For this section I’m using Google Colab connected to a local python runtime, version 3.9.1. Unfortunately, at the time of writing this article, Colab is stuck on python 3.6.9 and some of the features in this lecture require version 3.9 and up. So, keep that in mind if you’re following along on Google Colab.
How Time Works
The first thing we need to discuss are timezones. So, when I was writing this script, I was sitting in Mandeville, Lousiana and it was Thursday, December 10th, 2020 @ 7:45PM, keeping in mind that I was in the U.S. Central timezone. If, at the same point in time, my friend in Melbourne looked at his clock, he’d say it was Friday December 11th @ 12:45PM because he’s located in the Australia Melbourne timezone.
If you look at a map of timezones you can see how jagged and un-uniform they are. Not to mention, there’s a lot of historical messiness like Russia going from 11 timezones to 9 timezones then back to 11, and Nepal not even adopting a standard timezone until 1986.
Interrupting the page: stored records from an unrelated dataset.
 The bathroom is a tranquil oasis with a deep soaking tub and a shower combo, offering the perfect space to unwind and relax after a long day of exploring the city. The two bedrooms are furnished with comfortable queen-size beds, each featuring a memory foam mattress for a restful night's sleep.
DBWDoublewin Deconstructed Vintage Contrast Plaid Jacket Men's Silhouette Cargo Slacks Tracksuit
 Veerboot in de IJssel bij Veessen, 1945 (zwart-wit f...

Nonetheless, suppose you were building a software application where people can schedule and share meetings. How would you store the datetime each meeting is scheduled to start? Well, a logical thing to do would be to store all the data relative to a single timezone, and then make your users (or basically the display of your application) responsible for converting those datetimes into their respective local timezones.
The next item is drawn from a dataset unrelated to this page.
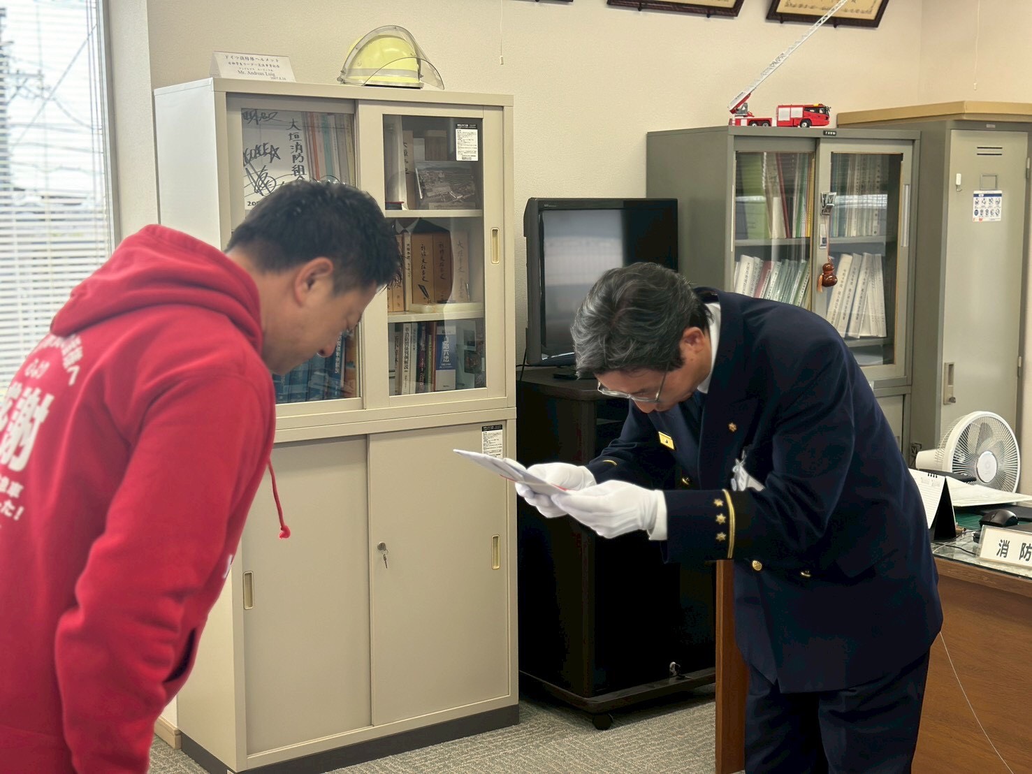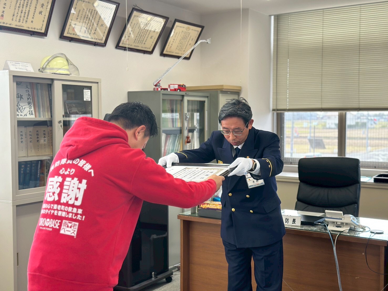 常に緊迫感ある日々の勤務に就いてくださる消防隊員の皆様へ感謝の思いを形に表わしたいと思い、この度寄付と寄贈を行わせていただきました。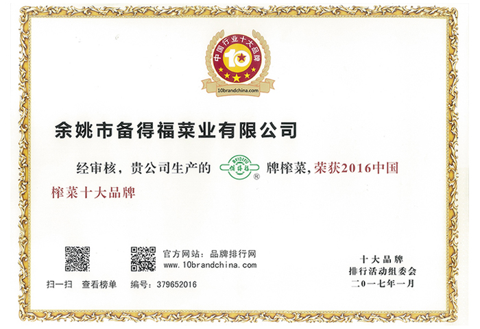 浙江備得福食品有限公司, 創建于1992年,是一家專業生產小包裝榨菜、泡菜等現代化農業企業,公司位 于美麗富饒,處處充滿商機和希望的開發熱土——杭州灣畔。滬杭甬高速公路、329國道在公司的南大門橫貫而過, 東臨深海大港——北侖港,西臨蕭山國際機場,北靠舉世矚目的杭州灣跨…【更多】

For example, let’s suppose you decide you want to use US Eastern as your master key timezone, from which all other timezones are referenced. If I schedule a meeting for 10:30 AM of May 1st 2030, US Central Time, then under the hood, your calendar application would convert that to 11:30 AM of May 1st 2030 and store that value into your database of all calendar events. Note that you don’t need to store the timezone because you know that every time in your database is in US Eastern Time. Now if I invite my Aussie friend to join my meeting, he can do a quick conversion to figure out the meeting starts at 1:30 AM of May 2nd 2030 local Melbourne time. This is a nice architecture because you’ve made storing datetimes very simple, and you’ve decoupled the hard work of actually converting between timezones to the end users. There’s just one little problem..
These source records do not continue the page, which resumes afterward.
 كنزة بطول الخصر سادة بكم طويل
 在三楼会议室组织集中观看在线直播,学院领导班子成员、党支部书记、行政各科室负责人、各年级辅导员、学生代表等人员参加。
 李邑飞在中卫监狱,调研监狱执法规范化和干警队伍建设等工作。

Like most states in the U.S. and many countries around the world New York (US Eastern Timezone) observes Daylight Saving Time which means the clock rolls forward an hour in the Spring and rolls backward an hour in the Fall. Now I think most people know this but they don’t really know this. I mean how, and when, does the clock actually roll forward and backward? It happens so early in the morning that you’ve probably never witnessed it. Assume you’re in New York; the date is Sunday, March 14, 2021 @ 1:00AM. If you actually stare at a digital clock, you’ll see it jumpy from 1:59AM back to 1:00AM, which means the times in the middle actually occurred twice on this date. This is a fatal flaw in your calendar software! Remember, you were storing data in US Eastern Time. So let’s say someone scheduled a meeting that your software logged for March 14, 2021 @ 1:30AM. When is that meeting supposed to occur? The 1st occurrence of 1:30AM or the 2nd occurrence of 1:30AM??
The solution to this problem? Pick a better timezone for which to store your data. Specifically, pick Coordinated Universal Time aka UTC aka Greenwich Mean Time. This is the golden child of timezones. It does not observe daylight saving. It has never observed daylight saving. It is not going to observe daylight saving. It is the timezone which all of world agrees to measure relative to.
Now if we’re gonna pass around times relative to UTC, it can be useful to have a standard format for doing so. One such format, that you’ve probably seen is ISO 8601. For example, this ‘2000-06-01 12:00:00−05:00’ is in ISO 8601, and in English it means “June 1st, 2000 @ 12PM, 5 hours behind UTC” meaning, at that same instance in time, it was 5PM in UTC. So whenever you see a datetime like this ‘2000-06-01 12:00:00−00:00’ with all 0s after the dash, it’s safe to assume you’re looking at UTC time. A somewhat strange but common alternative is to use a capital Z in place of the UTC offset, like ‘2000-06-01 12:00:00Z’. Also note that you can kind of infer where an ISO datetime is, based on the UTC offset, but it’s not perfect because something like “5 hours beind UTC” could refer to Chicago during Daylight Saving Time, or New York during Standard Time, or Bogota, Columbia on any day because Bogota doesn’t observe Daylight Saving.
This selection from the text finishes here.